You cannot conscientiously feel that you have any working knowledge of what life among the Apaches is like until you have heard these boys repeat a few of their favorite selections. It comes out that one orgy after another is bogey for them and their regular bedtime is all hours, at the earliest. They confide that you could count on the thumbs of one hand the number of sober breaths that they have drawn since they got out of grammar school. Rather uncomfortably blood-chilling are the tales they tell of the crimes that they have committed when the beast in them was unleashed by the Haig boys; how they paid a hansom driver to let them climb up in his seat and take the reins, or went right up to a policeman and asked him how he got that way, or drove around and around the park in an open taxicab, singing “Lord Geoffrey Amherst” in harmony close to the point of stuffiness. You gather from the general trend of the conversation that the next step for them will be the gutter. It seems to be a hospitably wide-open secret that if it wasn’t for them, bootlegging in America would be on the rocks today.
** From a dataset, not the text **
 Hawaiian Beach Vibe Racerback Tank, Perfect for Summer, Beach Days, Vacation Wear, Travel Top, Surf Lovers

And it is little short of devastating to see how bitterly hardened they are to the effects of strong drink. You never in your life saw an uglier crack tendered than the old one about its taking more than one swallow to make a snootful. One high ball, and the boys get right up and do impersonations of Charlie Chaplin; two, and they have to be held back from going out and taking over the railroads. The person who got up the line about not knowing where the younger generation is coming to certainly worked the whole thing into a nut-shell.
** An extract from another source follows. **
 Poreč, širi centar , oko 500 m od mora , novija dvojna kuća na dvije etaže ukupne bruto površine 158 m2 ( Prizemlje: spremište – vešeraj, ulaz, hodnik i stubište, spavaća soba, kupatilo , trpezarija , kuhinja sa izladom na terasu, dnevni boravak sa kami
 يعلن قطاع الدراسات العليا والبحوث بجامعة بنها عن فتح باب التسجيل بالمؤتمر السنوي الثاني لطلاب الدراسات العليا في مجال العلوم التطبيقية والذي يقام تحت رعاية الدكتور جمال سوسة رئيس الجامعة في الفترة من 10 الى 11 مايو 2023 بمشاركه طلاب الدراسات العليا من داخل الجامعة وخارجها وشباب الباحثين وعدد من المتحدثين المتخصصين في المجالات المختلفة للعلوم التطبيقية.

Some of the young ladies of Tommy’s circle, too, make it their whole career to drive home to you the startling truth that things are not what they used to be when grandma was a girl. “Daring” is no word for them. You can’t steal a look at them any time of the day but what they are being just as daring and modern and unconventional as it is possible to be and still stay out of Bedford. And just as unconscious of the effect they are creating as if they were doing it all before a camera too.
GIRLS WILL BE GIRLS
The funny thing is that if you took only a quick glance at them you would think they were nothing more than regular girls. They may run a bit to trick earrings, and it is evident that much of this talk about rouge and lip sticks has its foundation in fact; but there is nothing, really, that you wouldn’t see right in your own home. They seem to be coming along pretty nicely with their inhaling, yet it isn’t anything to write to the papers about. It has been several years since there was any cause for any grave alarm about tobacco’s stunting their growth.
It is in their conversation that the girls get in some of their snappiest work. Bright as a dollar bill, they are, every one of them; and frank—well, there isn’t a slang phrase that they would stop at. It is pointed out at some length in many modern literary works that there are few things sweeter and more wholesome than the girl of today’s attitude toward sex. She just looks unflinchingly at the thing with those widely advertised clear eyes of hers, remarks, in effect, “So that’s what all the fuss is about!” and calls it a day. And you can see from these friends of Tommy’s that the rumor has not been exaggerated in the least. There is no unwholesome mystery about sex to them; in fact so healthy, so buxom almost is their attitude toward it that they seldom if ever talk about anything else. If sex should suddenly be abolished the girls could never make another sapient crack.